Wednesday, February 10, 2010

LAKE ICE: Ice Formation

I could not find any reference to blue ice but this is what I found for black ice and white ice.... There might be a quiz!

Lake ice occurs primarily in the Northern Hemisphere, where most of the ice is seasonal: it forms in the autumn, thickens during the winter and melts in the spring.

Meteorological factors such as air temperature, precipitation, wind speed and radiation balance coupled with physical characteristics of the lakes and ice (lake area, depth, volume and fetch; snow depth; ice thickness, type and albedo) lead to complex interactions and feedbacks that affect the timing of freeze-up and break-up (ice cover duration) each year.

In general, there are two types of lake ice. They are:

Congelation Ice (black ice) forms as water freezes on the bottom of the ice cover and the latent heat of crystallization is conducted upwards through the ice and snow to the atmosphere. Its growth rate is proportional to the rate at which energy is transferred from the bottom surface of the ice layer to the air above.
Congelation ice is often referred to as black ice because it has a high optical depth that permits significant light transmission to the underlying water.

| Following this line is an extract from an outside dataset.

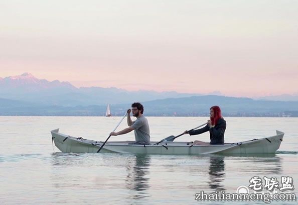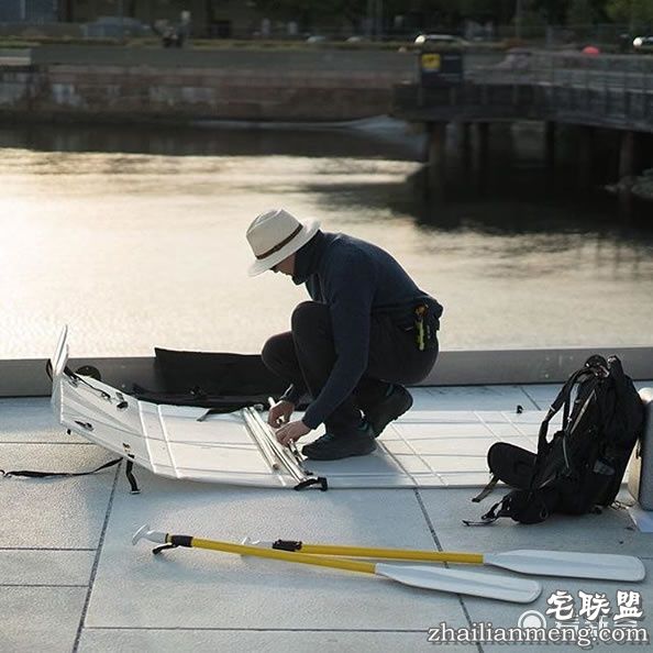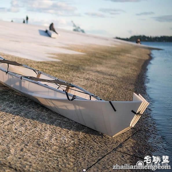 这艘船的设计概念来自折纸,船身原本只是块长方形的板子,通过折叠、运用绳子固定,便能组成长180公分、宽40公分、深25公分的独木舟。

Snow Ice (white ice) forms when the weight of a snow cover is sufficient to overcome the buoyancy of the ice supporting it, the ice surface becomes submerged and water flows through cracks in the ice and saturates the snow, which then freezes.
Snow ice is often referred to as white ice because it contains a large number of densely packed air bubbles and small ice crystals that cause strong light scattering and a high albedo.